Brody, who won an Oscar for "The Pianist," also experimented with a sensory-deprivation tank himself on the film's set in Glasgow, Scotland. Brody said the experience, which involved floating in water for hours, heightened his mental and spiritual awareness.
"If you stay in there long enough, you don't need drugs," he said.
* One of the festival's most popular films so far has been "Kung Fu Hustle," a brilliantly inventive Hong Kong martial arts comedy by actor-director Stephen Chow that got a standing ovation Sunday.

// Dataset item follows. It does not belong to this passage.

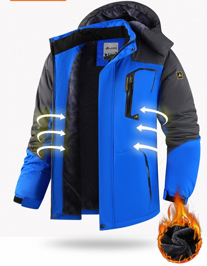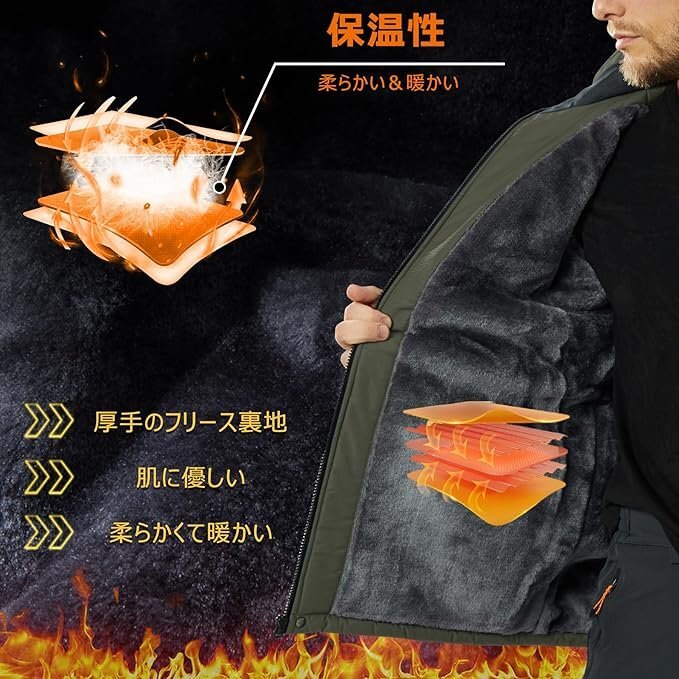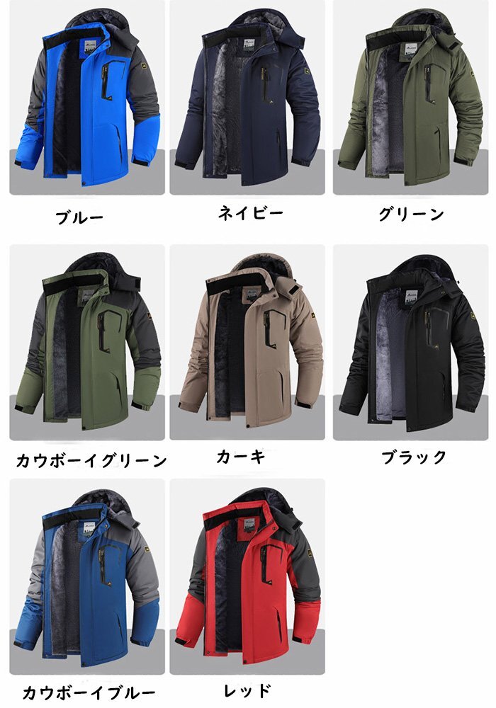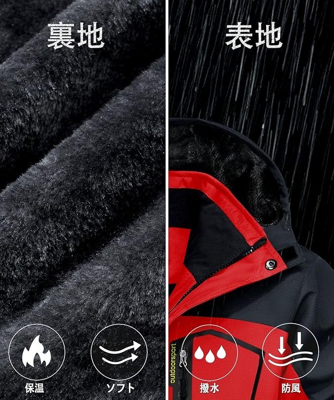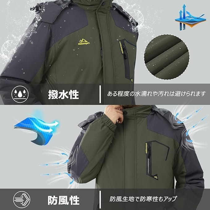 【多機能】1、撥水加工/防汚性/防風性:①防風、防水、防のある機能性生地を採用します。②ファスナーは防水層デザインを付いて、防水性能を高めます。③ジャケットの継手の所に防水工芸を採用します。 2.防寒性/保温性:裏は裏起毛のデザインです。帽子と袖口の設計も保温性を強めます。 3.通気性/透湿性。

The film features a nasty group of Chinese gangsters whose trademarks are stove pipe hats and the axes they use on their victims. To celebrate the movie's Sunday premiere, producers passed out dozens of stove pipe hats to Sundance staffers and volunteers. Festival director Geoffrey Gilmore even wore one as he introduced the film.
The movie was a dream come true for a group of Stephen Chow fans from Provo. The four young men - longtime friends from high school - wore matching T-shirts that said, "Devotees of Chow" and sat near the front of the theater, then got to tell their idol afterwards how much they love his films.

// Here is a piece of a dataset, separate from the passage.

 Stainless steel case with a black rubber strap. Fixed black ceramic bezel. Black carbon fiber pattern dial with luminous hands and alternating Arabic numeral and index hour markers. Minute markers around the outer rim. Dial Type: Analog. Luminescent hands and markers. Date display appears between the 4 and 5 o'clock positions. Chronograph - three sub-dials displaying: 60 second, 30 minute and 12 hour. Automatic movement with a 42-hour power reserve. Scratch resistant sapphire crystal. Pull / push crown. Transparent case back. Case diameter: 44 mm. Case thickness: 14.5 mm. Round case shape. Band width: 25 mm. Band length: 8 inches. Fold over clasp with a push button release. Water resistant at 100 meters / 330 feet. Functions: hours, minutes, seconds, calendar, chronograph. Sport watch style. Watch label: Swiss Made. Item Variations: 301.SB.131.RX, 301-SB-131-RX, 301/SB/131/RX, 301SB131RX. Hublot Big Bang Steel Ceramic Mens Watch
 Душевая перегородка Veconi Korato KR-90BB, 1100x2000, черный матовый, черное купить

They even had a modest moment in the spotlight when a TV crew interviewed them later outside the theater.
"It was awesome," one of the guys said, still starry-eyed 30 minutes after the movie ended.
"Kung Fu Hustle" is expected to hit American theaters in March.
* Another buzzed-about festival film has been "Hustle & Flow," about a pimp trying to make it as a rapper.
Director Craig Brewer kicked off Saturday's debut screening by asking the audience to participate in an impromptu homage to the movie's Memphis locale. He asked audience members to create a beat by snapping their fingers, then brought two actresses from the film onstage to sing a soulful version of "Proud Mary."
* Apparently, winning NBC-TV's "The Apprentice" has perks beyond working for Donald Trump. Spotted heading to the VIP lounge at Saturday night's crowded Blender party at Harry O's: Season One winner Bill Rancik.